Mrs Barber answered, ‘Oh, I will.’
But when she left the room it was to wander into the bedroom beside it. And she went from there to the last of the rooms, the small back room facing Frances’s bedroom across the return of the landing and the stairs – the room which Frances and her mother still called Nelly and Mabel’s room, even though they hadn’t had Nelly, Mabel, or any other live-in servant since the munitions factories had finally lured them away in 1916. This was done up now as a kitchen, with a dresser and a sink, with gaslight and a gas stove and a shilling-in-the-slot meter. Frances herself had varnished the wallpaper; she had stained the floor here, rather than waxing it. The cupboard and the aluminium-topped table she had hauled up from the scullery, one day when her mother wasn’t at home to have to watch her do it.
She had done her best to get it all right. But seeing Mrs Barber going about, taking possession, determining which of her things would go here, which there, she felt oddly redundant – as if she had become her own ghost. She said awkwardly, ‘Well, if you’ve everything you need, I’ll see how your tea’s coming along. I shall be just downstairs if there’s any sort of problem. Best to come to me rather than to my mother, and – Oh.’ She stopped, and re
ached into her pocket. ‘I’d better give you these, hadn’t I, before I forget.’
She drew out keys to the house: two sets, on separate ribbons. It took an effort to hand them over, actually to put them into the palm of this woman, this girl – this more or less perfect stranger, who had been summoned into life by the placing of an advertisement in the South London Press. But Mrs Barber received the keys with a gesture, a dip of her head, to show that she appreciated the significance of the moment. And with unexpected delicacy she said, ‘Thank you, Miss Wray. Thank you for making everything so nice. I’m sure Leonard and I will be happy here. Yes, I’m certain we will. I have something for you too, of course,’ she added, as she took the keys to her hold-all to stow them away. She brought back a creased brown envelope.

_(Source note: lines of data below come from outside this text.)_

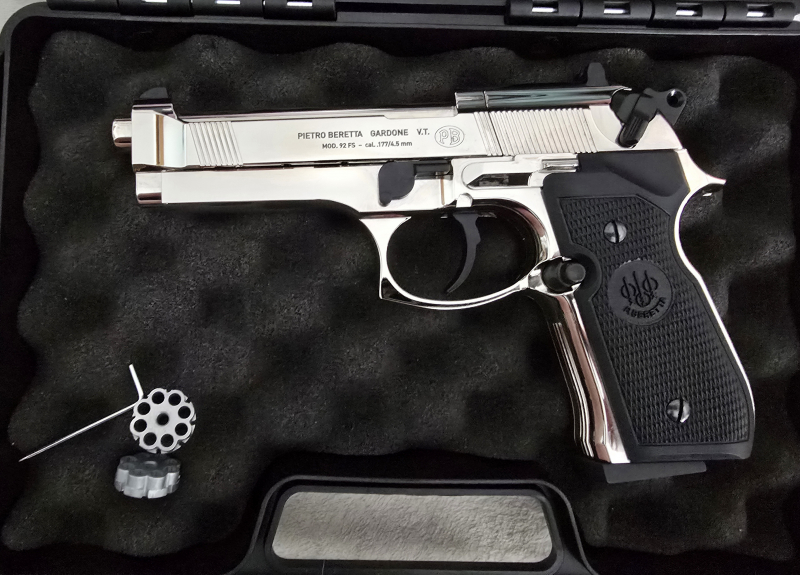 Hallo, biete hier eine Beretta 92 FS in chrom, CO2. 4,5mm Diabolo. Die waffe ist in einem absoluten Traum zustand, keinerlei gebrauchspuren. Wurde auch nicht geschossen, ist wie neu. Mit dabei ein koffer und 2 laderinge.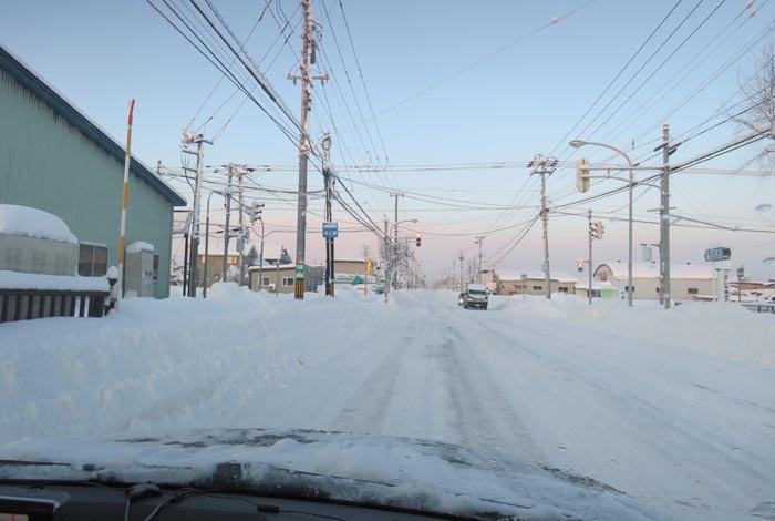 午前7時前、南岸通り、野付牛自動車学校前から無加川町方向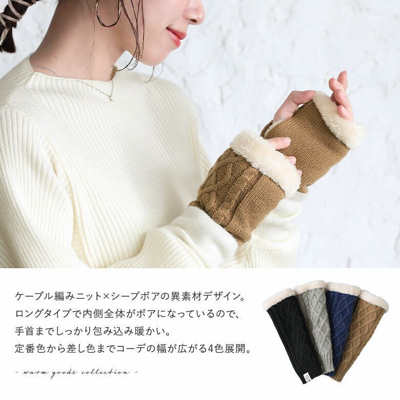 『ケーブル編みロングニットハンドウォーマー』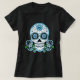 Dia de los Muertos (Day of the Dead) sugar skull with roses in hues of blue.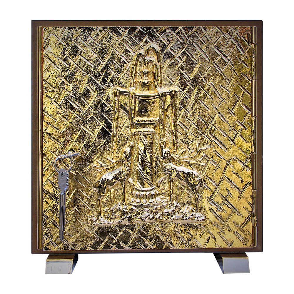 Tabernacolo in ottone dorato, con decoro Cervi alla Fonte.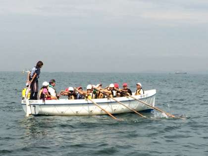 みんなでカイの動きを合わせて大阪湾に出て行きます。波を越えていきます。
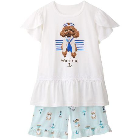 【女児用パジャマ】トップス袖丈:3分袖・ボトム脇丈:3分丈・かぶりタイプ【Waninal 家族でわになる♪家族お揃いでコーディネイトできるグループ】●トップスの大きめのイラストプリントが愛らしい、Tシャツスタイルのパジャマ パティシエになりきっている猫柄(PUカラー) 航海士になりきっている犬柄(WHカラー)●チューリップスリーブにレースモチーフ付きのデザインは、華やかでキュートな雰囲気●接触冷感素材で、触れた部分がひんやり冷たく感じる涼感素材を本体に使用(60/2綿レーヨン天竺素材)・上下で別カラーの組み合わせ PUカラー:トップスPUカラー(猫柄)/ボトムCRカラー WHカラー:トップスWHカラー(犬柄)/ボトムTUカラー ・肌側に名前が記入できるネーム付き・ボトムの前肌側にネームを付けることで、はく時に前後の目安になりやすい・ウエストゴム取り替え口あり【サイズ詳細】4:身幅35.5cm 着丈46.5cm 肩幅30.0cm ボトム脇丈31.5cm 裾まわり44.5cm 股下(レングス)11.5cm ウエスト46.0cm ヒップ80.5cm6:身幅39.0cm 着丈50.5cm 肩幅32.0cm ボトム脇丈35.0cm 裾まわり48.0cm 股下(レングス)13.5cm ウエスト48.0cm ヒップ86.0cm8:身幅46.0cm 着丈57.5cm 肩幅37.0cm ボトム脇丈39.0cm 裾まわり51.5cm 股下(レングス)15.5cm ウエスト52.0cm ヒップ92.5cm10:身幅50.5cm 着丈63.5cm 肩幅41.0cm ボトム脇丈46.0cm 裾まわり56.5cm 股下(レングス)19.5cm ウエスト55.0cm ヒップ103.5cm※出来上がり寸法を表示しております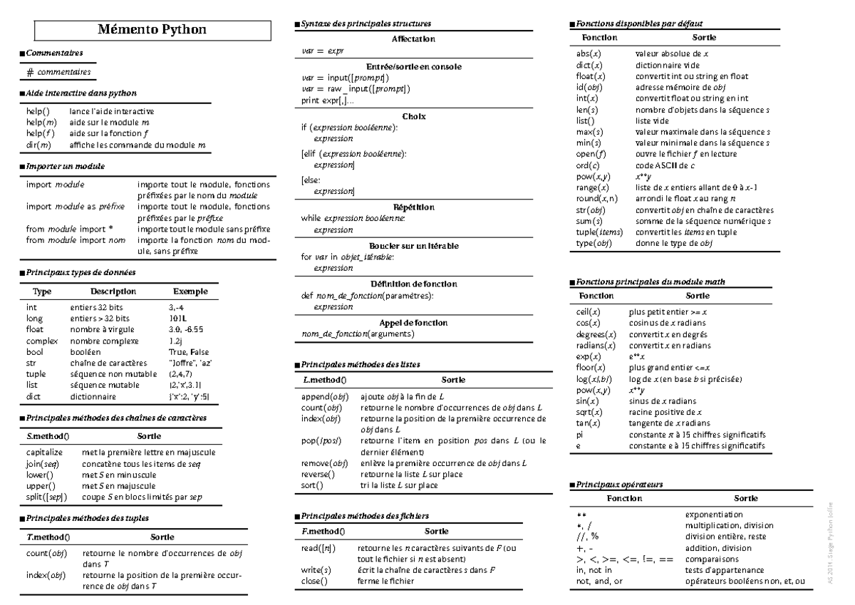 Résumé Python - Mémento Python Commentaires # commentaires Aide ...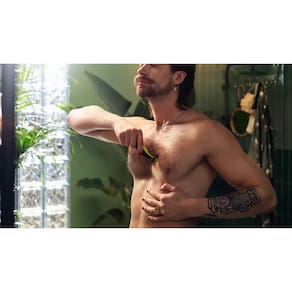O OneBlade não barbeia tão perto da pele quanto uma lâmina tradicional, deixando sua pele confortável. Use a lâmina facilmente em qualquer direção e qualquer comprimento de pelo, no rosto ou no corpo. Inclui duas lâminas: uma para o rosto e outra para o corpo.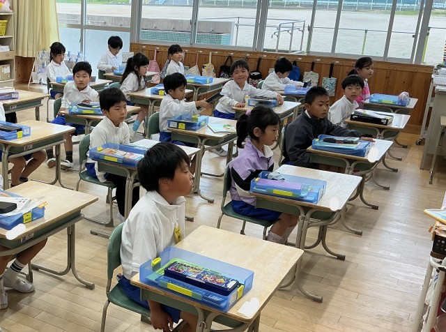 朝の会が始まるときには、自分の席について話を聞く姿勢になっていました。小学校の朝のリズムが身に付いて来ています。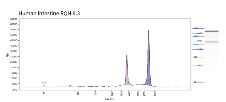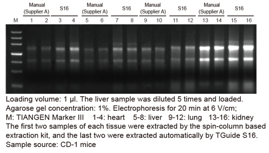 The samples in the above table were taken in the recommended amounts according to the protocol. Using the TIANGEN Magnetic Hi-Tissue/Cell Total RNA Kit(GDP671), and the total RNA was extracted by the automated nucleic acid extractor. Elution by 100 μl and load 5 μl by electrophoresis.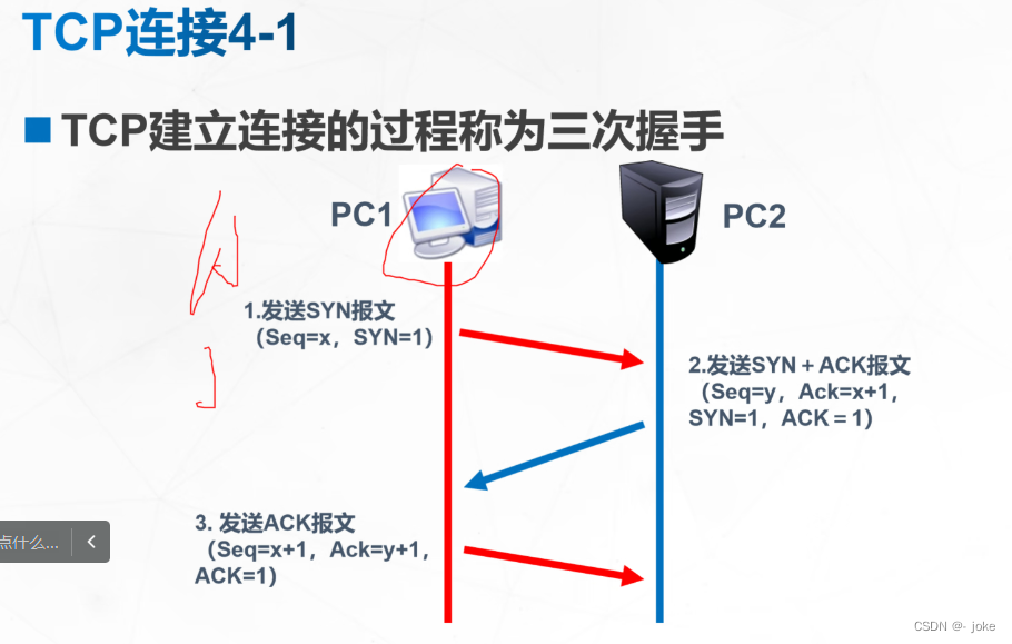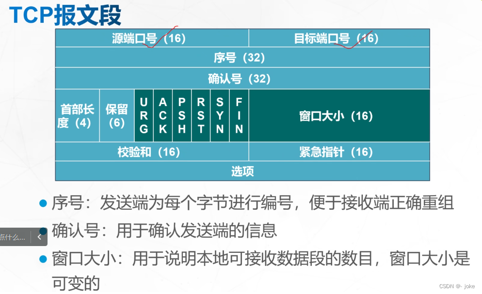 SYN:同步位,连接位,同步序号的位置,tcp需要建立连接时,SYN=1建立连接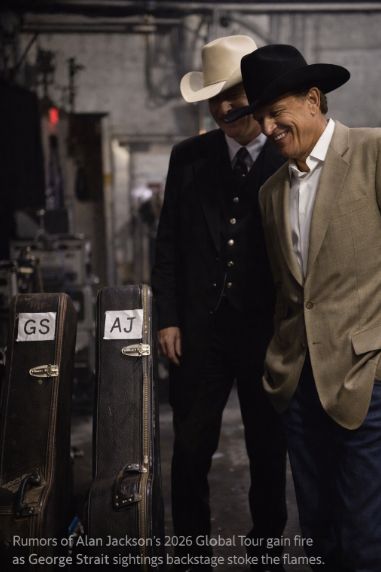 Alan Jackson Sets the World on Fire with His Unstoppable 2026 Global Tour. Alan Jackson—2026 Global Tour… and George Strait might join.” Nobody believes it—until a blurry clip appears of two guitar cases backstage, side by side, with “AJ” and “GS” taped on the handles.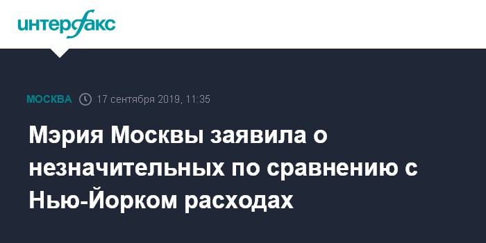 Мэрия Москвы заявила о незначительных по сравнению с Нью-Йорком расходах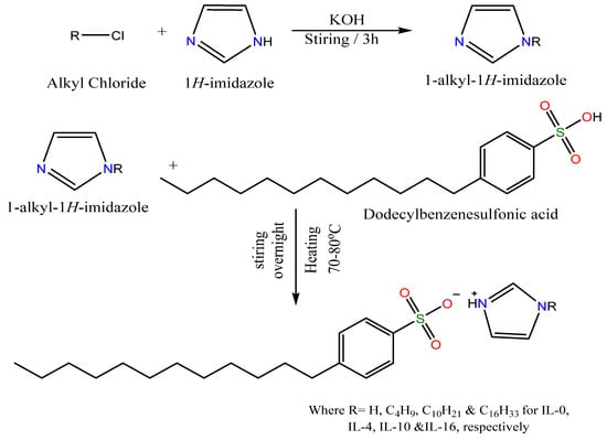 - Four new ionic liquids were synthesized via the reaction of alkyl imidazoles with dodecylbenzene sulfonic acid. They were characterized well by FT-IR, 1H-NMR, and Elemental Analysis.
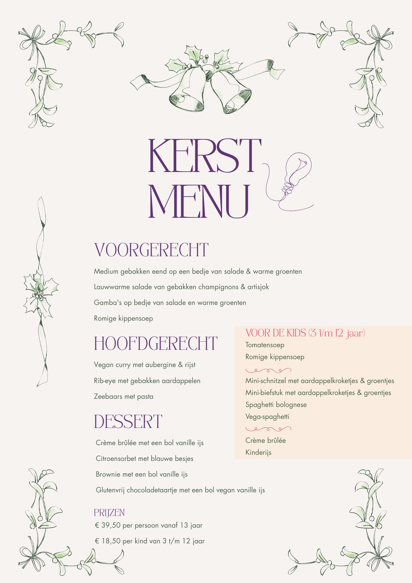 Laat je verrassen door een feestelijk kerstkeuzemenu met heerlijke gerechten en pure smaken. Of je nu komt voor een avond vol samenzijn, culinaire verwennerij of gewoon de fijne kerstsfeer: hier voel je je meteen thuis.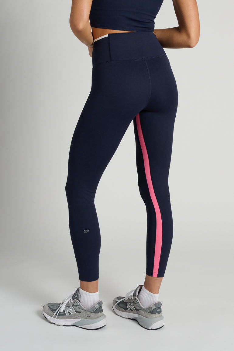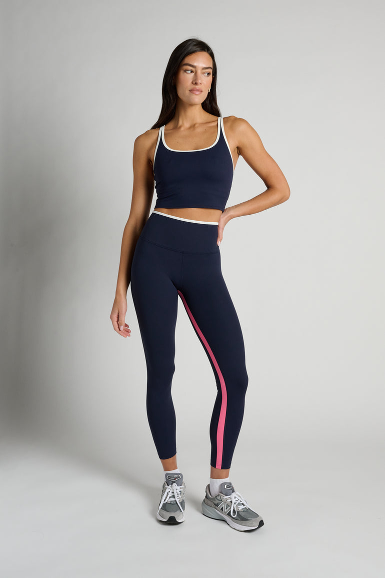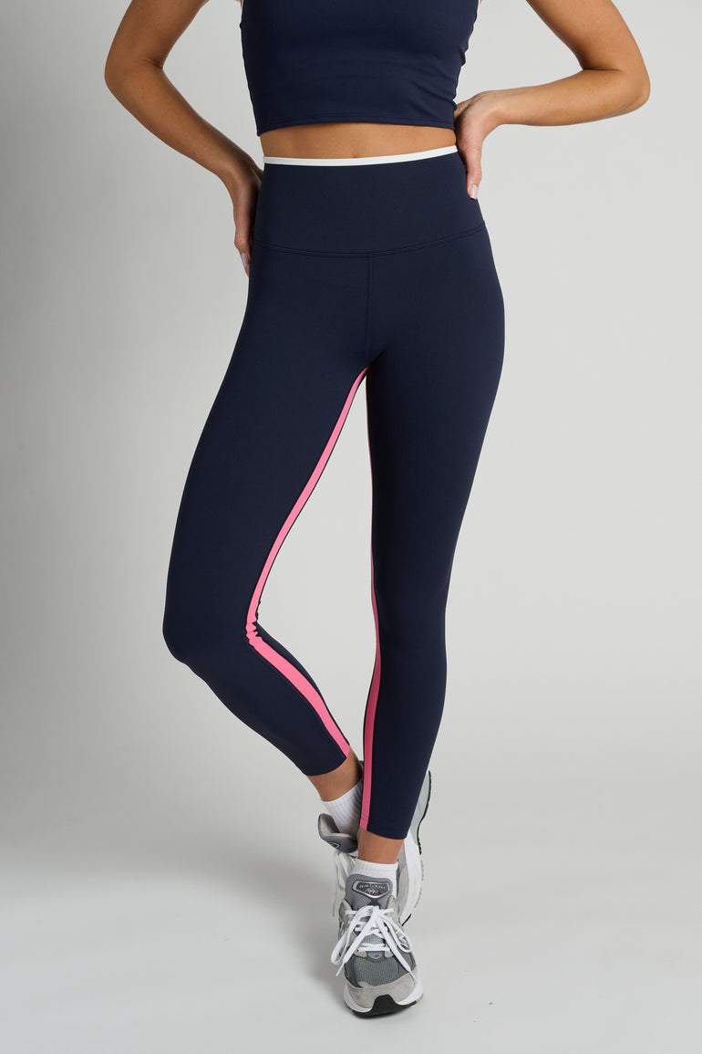 Pops of color along the waist deliver a flattering look while you move. Gently compressive Rigor fabric and high waist for support and shaping.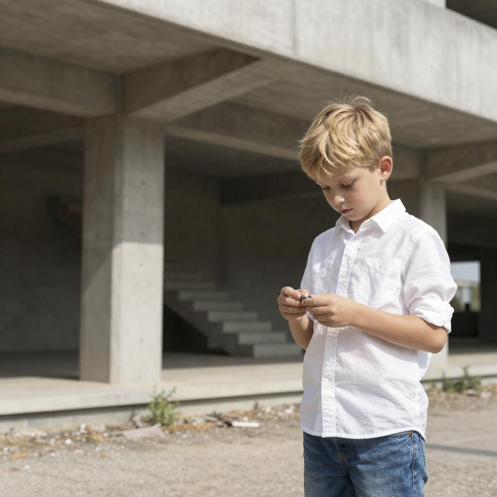 Photograph of a young boy with short blonde hair, wearing a white shirt and blue jeans, standing under a large concrete structure. He is looking down at a small object in his hands. The background features tall concrete pillars and a set of stairs. The ground is covered in dirt and debris. The scene is brightly lit with high contrast.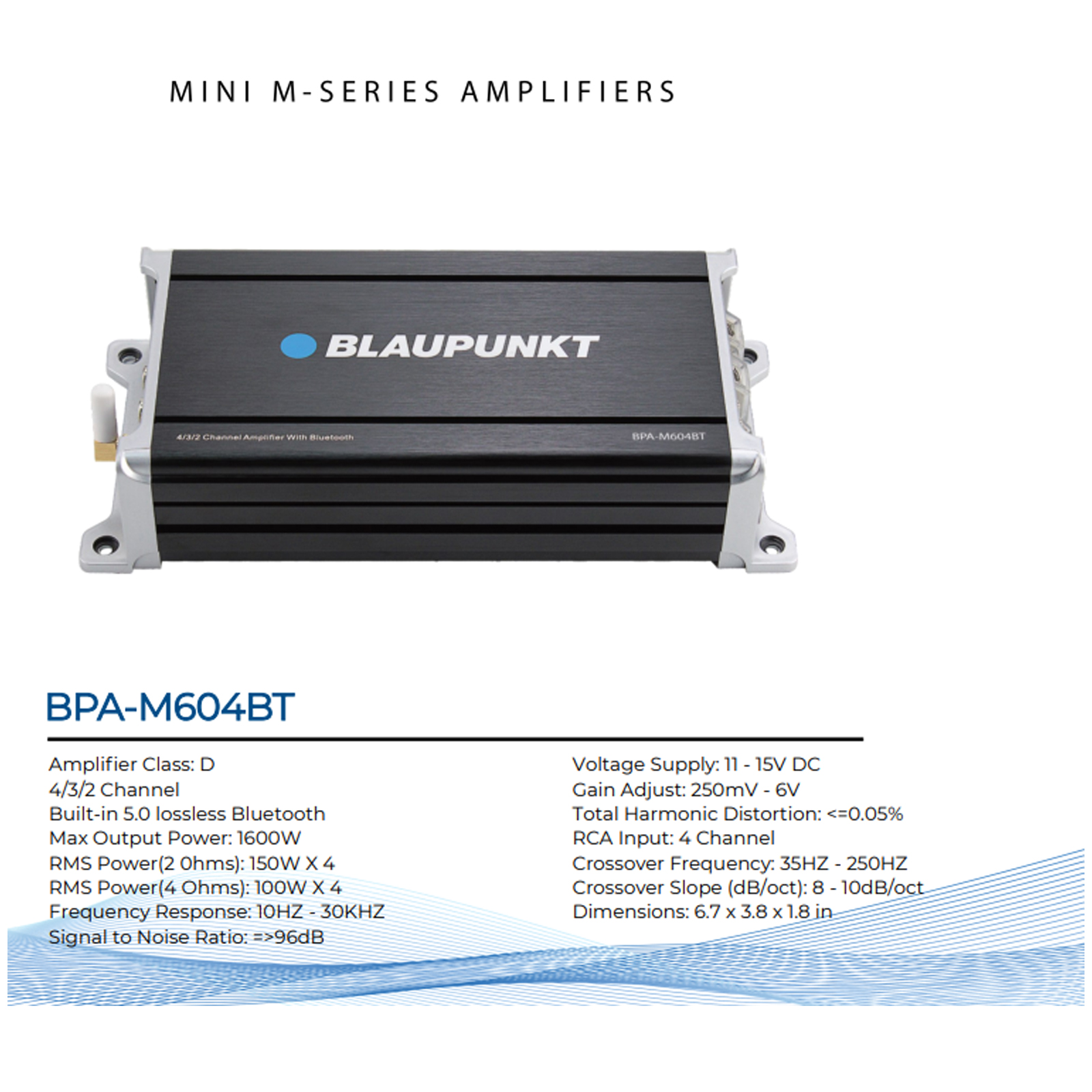 Upgrade your car’s audio experience with the Blaupunkt BPA-M604BT 4-Channel Class-D Amplifier. Designed for powerful and efficient performance, this compact amplifier delivers 100W RMS per channel at 4 Ohms and 1500W max power, ensuring deep bass and crystal-clear sound. Featuring Class-D technology, it consumes less power and runs cooler, making it a perfect choice for extended listening sessions. This versatile amplifier supports both RCA and speaker-level inputs, making it compatible with factory and aftermarket car stereos. Its Bluetooth connectivity allows seamless wireless music streaming, eliminating cable clutter while maintaining high-fidelity sound quality. Built with a durable aluminum housing, the BPA-M604BT is engineered for maximum heat dissipation and reliability. With its adjustable crossover, gain controls, and a high signal-to-noise ratio, it provides precise tuning and optimal audio performance for any setup. Whether you're driving a car, truck, or SUV, this amplifier ensures a premium in-car audio experience.

It was two weeks’ rent. Fifty-eight shillings: Frances could already hear the rustle of the pound notes and the slide and chink of the coins. She tried to arrange her features into a businesslike expression as she took the envelope from Mrs Barber’s hand, and she tucked it in her pocket in a negligent sort of way – as if anyone, she thought, could possibly be deceived into thinking that the money was a mere formality, and not the essence, the shabby heart and kernel, of the whole affair.